● **The task**:
A verbatim copy of all the data is required, minus any images.

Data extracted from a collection

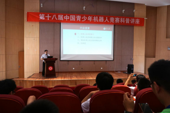 七月的筑城,萬木蔥蘢,涼爽怡人。2018年7月22日下午2:00,第十八屆中國青少年機器人競賽暨2018世界青少年機器人邀請賽進程的第三日,貴州大學機械工程學院院長李少波教授應邀于機械工程學院報告廳為全國的參賽選手們做了題為“機器人前沿技術”的科普講座。
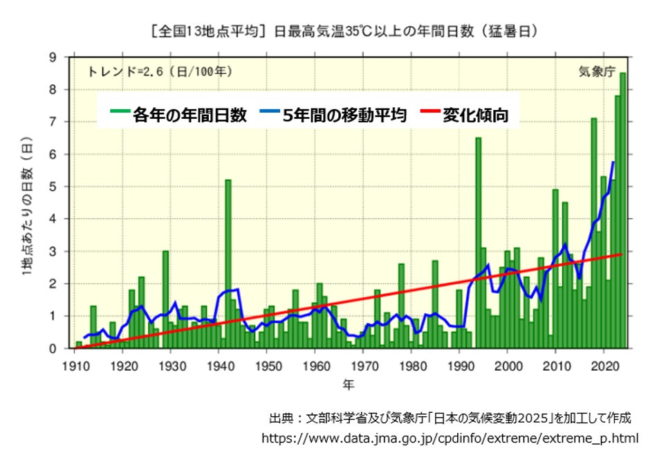 また、近年の気候の変化に目を向けると、世界では地球温暖化の影響もあり平均気温は年々上昇し、日本では最高気温35℃以上の猛暑日が年々増加しています。
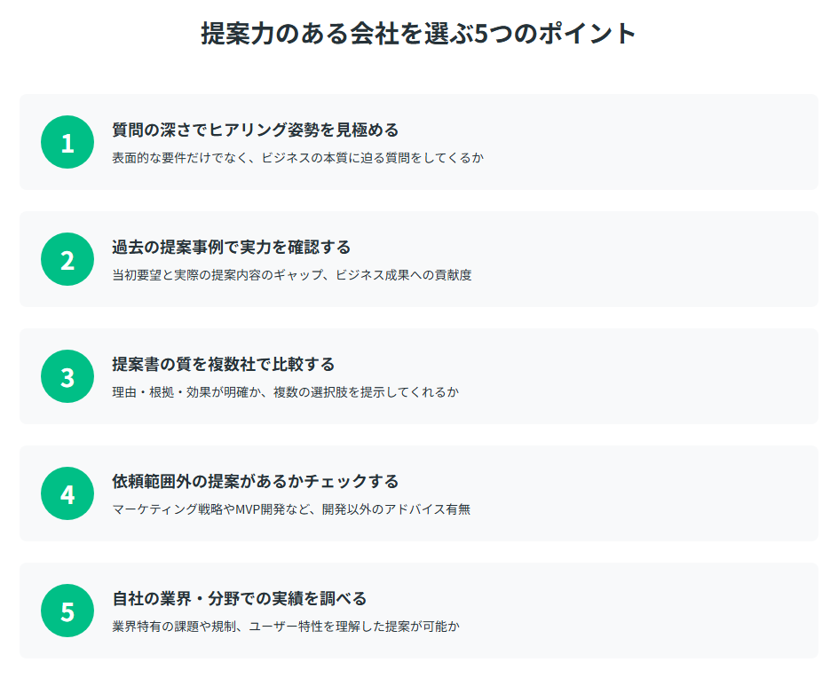 アプリ開発を成功させるには、技術力だけでなく提案力のある会社を選ぶことが重要です。しかし、提案力の有無は実際に話を聞いてみないと分かりにくいもの。ここでは、提案力のある開発会社を見極めるための5つのチェックポイントをご紹介します。
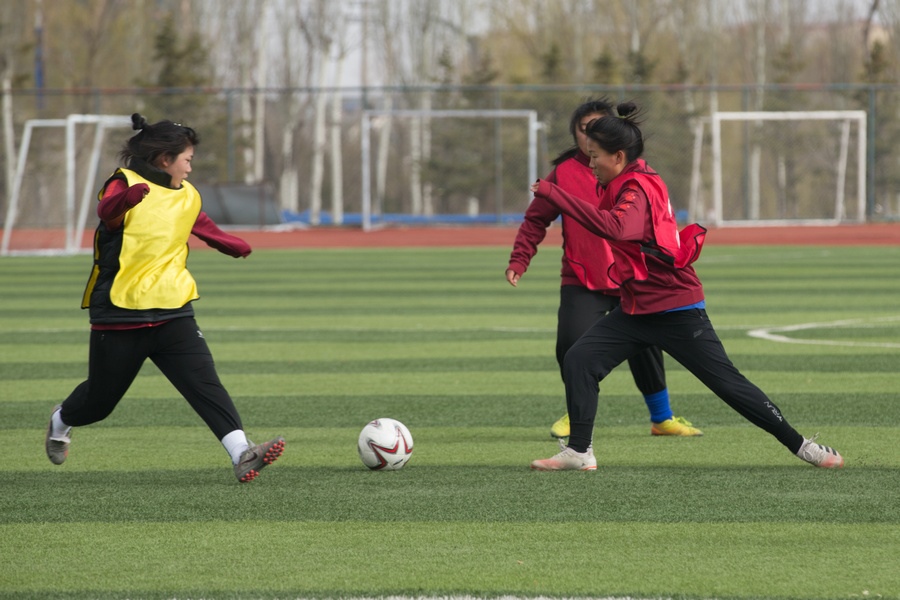 內(nèi)蒙古中學(xué)生女子足球隊(duì)員選拔現(xiàn)場
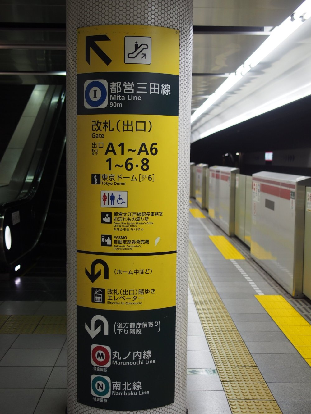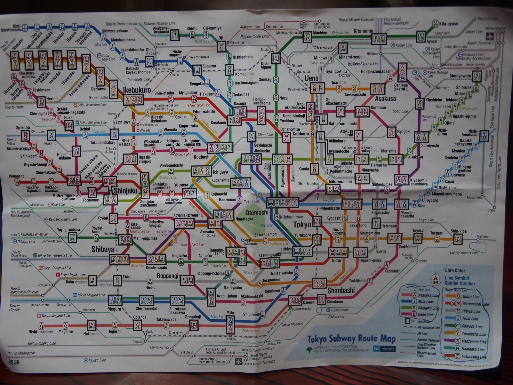 Mais pour circuler, étendre ses ailes d’ange, il convient de comprendre le réseau d’enchevêtrement des lignes du Tokyo Subway Route Map. Tout d’abord, il me paraît nécessaire de savoir distinguer les JR lines, des Tokyo metro lines, des Toei lines. Sinon on met le mauvais ticket dans le tourniquet et ça bip, ou on emprunte l’entrée de couloirs d’une compagnie pour rien desquels on ressort après 10 min de déambulation infructueuses dans un dédale sans trop d’intérêt c’est-à-dire avec beaucoup d’escaliers… Ensuite, il est préférable de rester agile et de passer de l’une à l’autre de ces types de lignes ou sociétés, pour optimiser ses trajets et dans tous les cas, les contrôleurs près des barrières sont adorables et prêts à aider.
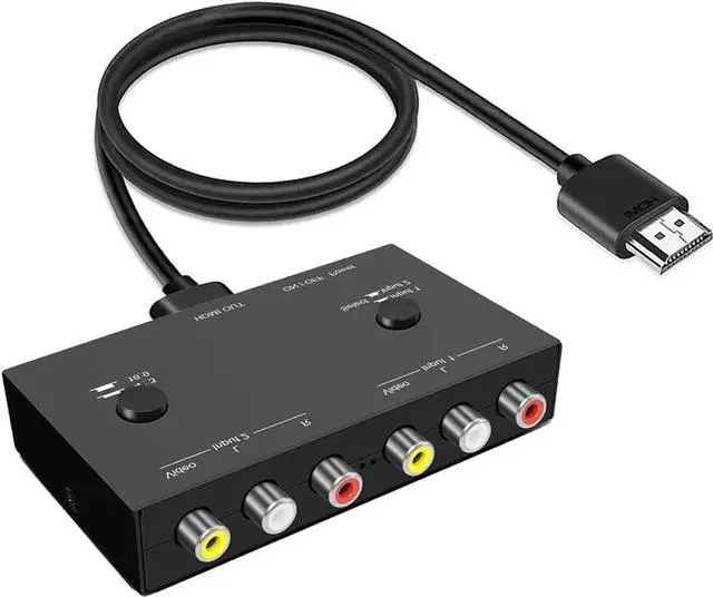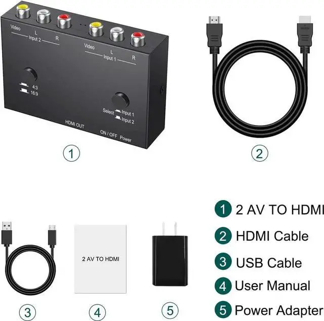 HDMI Converter: Input 2 RCA signals to HDMI TV (can switch at any time) Plug and Play Support 16: 9 and 4: 3 output Support HDMI 1080p (60HZ) Support PAL NTSC 3.58 NTSC 4.43 SECAM PAL/M PAL/N standard TV formats input. AV to HDMI Converter Compatible with WII N64 PS 1 PS2 PS3 STB VHS VCR DVD Players TV and Projector etc.
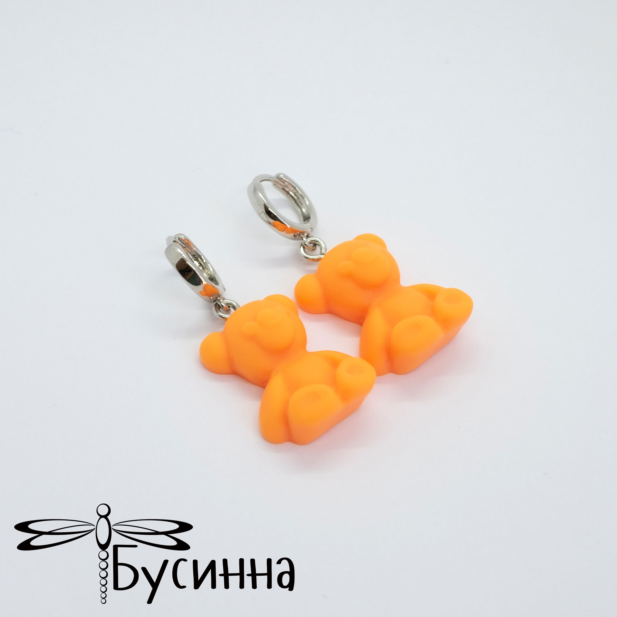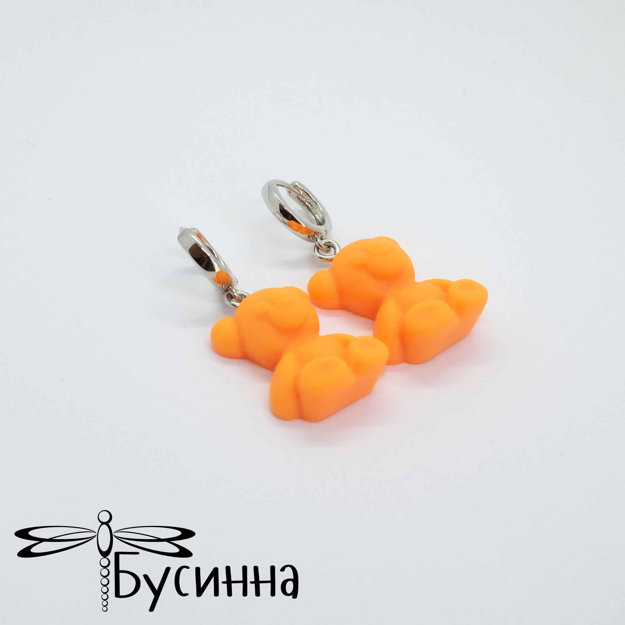 Серьги "Мишки" оранжевые (2022) - фурнитура Южная Корея из латуни с родированием, подвеска из эпоксидной смолы. Цвет украшения на экране может отличаться от реального.
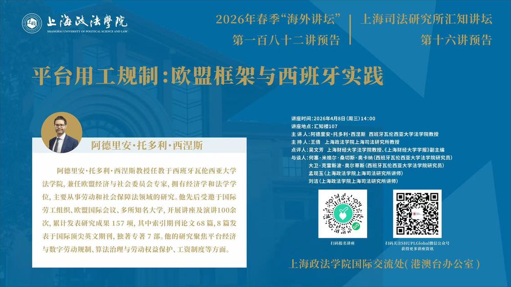 【海外讲坛第182讲】平台用工规则:欧盟框架与西班牙实践
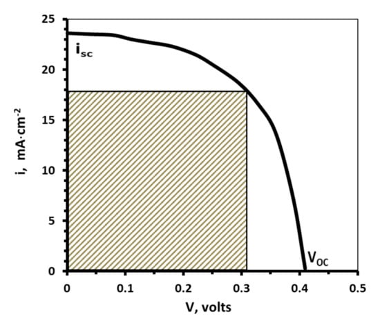 Furthermore, the connection device was designed in the lab in order to have a complete electric circuit to characterize the solar device. The characterized parameters were overall efficiency, quantum efficiency, open circuit voltage, short circuit current, dark current, band gap, and the fill factor. As a result, the equipment used was a PV Measurements QEX10 quantum efficiency (PV Measurements, Boulder, CO, USA) measurement system and an Oriel Sol2A solar simulator (Irvine, CA, USA). The solar simulator provides light and radiation similar to that provided from the Sun. The solar simulator tests the solar device efficiency and determines additional outcome parameters, including fill factor (FF), open circuit voltage (VOC), and the short circuit current (ISC). Fill factor is a parameter used to determine the maximum operating power point. It is given by:
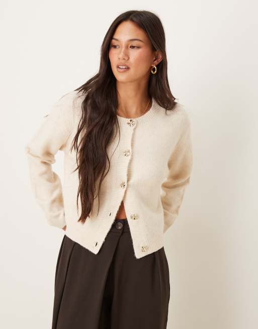Brave Soul – Kamiennobeżowy kardigan z okrągłym dekoltem i kontrastowymi guzikami
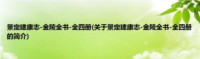 本文关于景定建康志-金陵全书-全四册的简介就讲解完毕,希望对大家有所帮助。
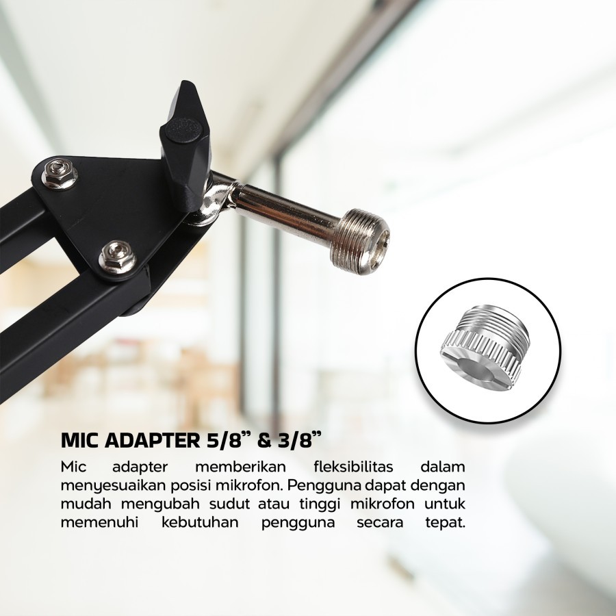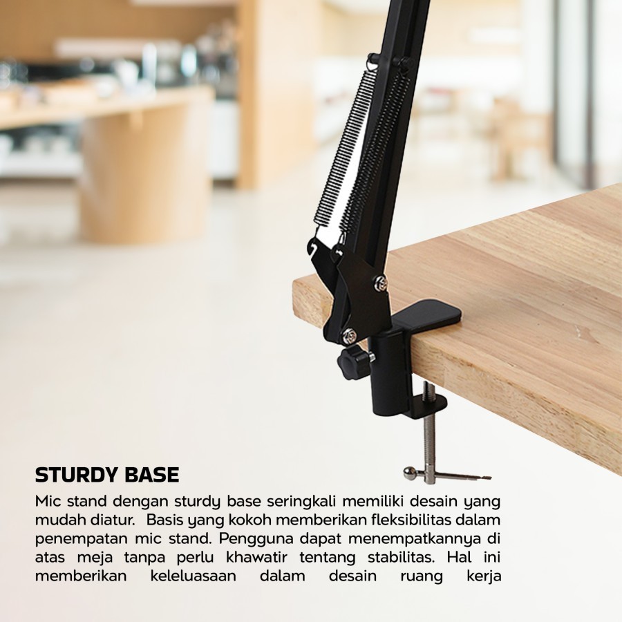 Arm Stand – Arm Stand yang memiliki keunggulan Dapat Disesuaikan dan Menghemat Ruang, Kompatibilitas Kuat, Tinggi, dan sudut yang sempurna untuk merekam/streaming.
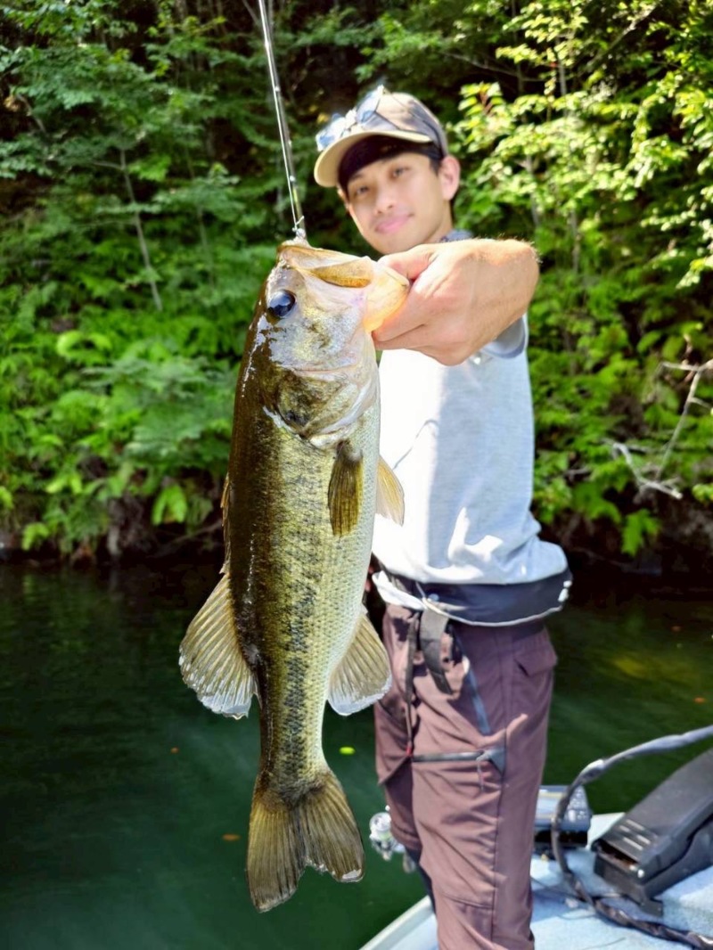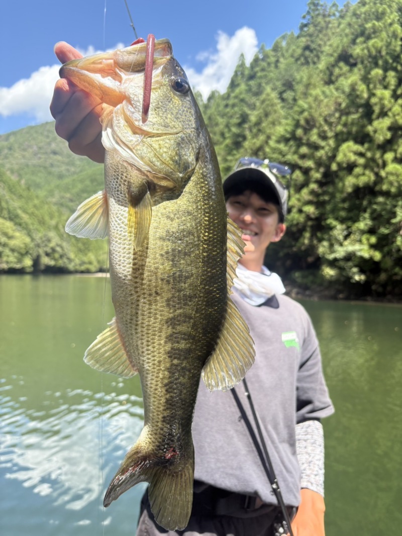 酷暑で濁りがきつくバスを探すのに全員苦戦しましたがなんとか釣れました!

● **Answer for the task**:
 七月的筑城,萬木蔥蘢,涼爽怡人。2018年7月22日下午2:00,第十八屆中國青少年機器人競賽暨2018世界青少年機器人邀請賽進程的第三日,貴州大學機械工程學院院長李少波教授應邀于機械工程學院報告廳為全國的參賽選手們做了題為“機器人前沿技術”的科普講座。
 また、近年の気候の変化に目を向けると、世界では地球温暖化の影響もあり平均気温は年々上昇し、日本では最高気温35℃以上の猛暑日が年々増加しています。
 アプリ開発を成功させるには、技術力だけでなく提案力のある会社を選ぶことが重要です。しかし、提案力の有無は実際に話を聞いてみないと分かりにくいもの。ここでは、提案力のある開発会社を見極めるための5つのチェックポイントをご紹介します。
 內(nèi)蒙古中學(xué)生女子足球隊(duì)員選拔現(xiàn)場
 Mais pour circuler, étendre ses ailes d’ange, il convient de comprendre le réseau d’enchevêtrement des lignes du Tokyo Subway Route Map. Tout d’abord, il me paraît nécessaire de savoir distinguer les JR lines, des Tokyo metro lines, des Toei lines. Sinon on met le mauvais ticket dans le tourniquet et ça bip, ou on emprunte l’entrée de couloirs d’une compagnie pour rien desquels on ressort après 10 min de déambulation infructueuses dans un dédale sans trop d’intérêt c’est-à-dire avec beaucoup d’escaliers… Ensuite, il est préférable de rester agile et de passer de l’une à l’autre de ces types de lignes ou sociétés, pour optimiser ses trajets et dans tous les cas, les contrôleurs près des barrières sont adorables et prêts à aider.
 HDMI Converter: Input 2 RCA signals to HDMI TV (can switch at any time) Plug and Play Support 16: 9 and 4: 3 output Support HDMI 1080p (60HZ) Support PAL NTSC 3.58 NTSC 4.43 SECAM PAL/M PAL/N standard TV formats input. AV to HDMI Converter Compatible with WII N64 PS 1 PS2 PS3 STB VHS VCR DVD Players TV and Projector etc.
 Серьги "Мишки" оранжевые (2022) - фурнитура Южная Корея из латуни с родированием, подвеска из эпоксидной смолы. Цвет украшения на экране может отличаться от реального.
 【海外讲坛第182讲】平台用工规则:欧盟框架与西班牙实践
 Furthermore, the connection device was designed in the lab in order to have a complete electric circuit to characterize the solar device. The characterized parameters were overall efficiency, quantum efficiency, open circuit voltage, short circuit current, dark current, band gap, and the fill factor. As a result, the equipment used was a PV Measurements QEX10 quantum efficiency (PV Measurements, Boulder, CO, USA) measurement system and an Oriel Sol2A solar simulator (Irvine, CA, USA). The solar simulator provides light and radiation similar to that provided from the Sun. The solar simulator tests the solar device efficiency and determines additional outcome parameters, including fill factor (FF), open circuit voltage (VOC), and the short circuit current (ISC). Fill factor is a parameter used to determine the maximum operating power point. It is given by:
Brave Soul – Kamiennobeżowy kardigan z okrągłym dekoltem i kontrastowymi guzikami
 本文关于景定建康志-金陵全书-全四册的简介就讲解完毕,希望对大家有所帮助。
 Arm Stand – Arm Stand yang memiliki keunggulan Dapat Disesuaikan dan Menghemat Ruang, Kompatibilitas Kuat, Tinggi, dan sudut yang sempurna untuk merekam/streaming.
 酷暑で濁りがきつくバスを探すのに全員苦戦しましたがなんとか釣れました!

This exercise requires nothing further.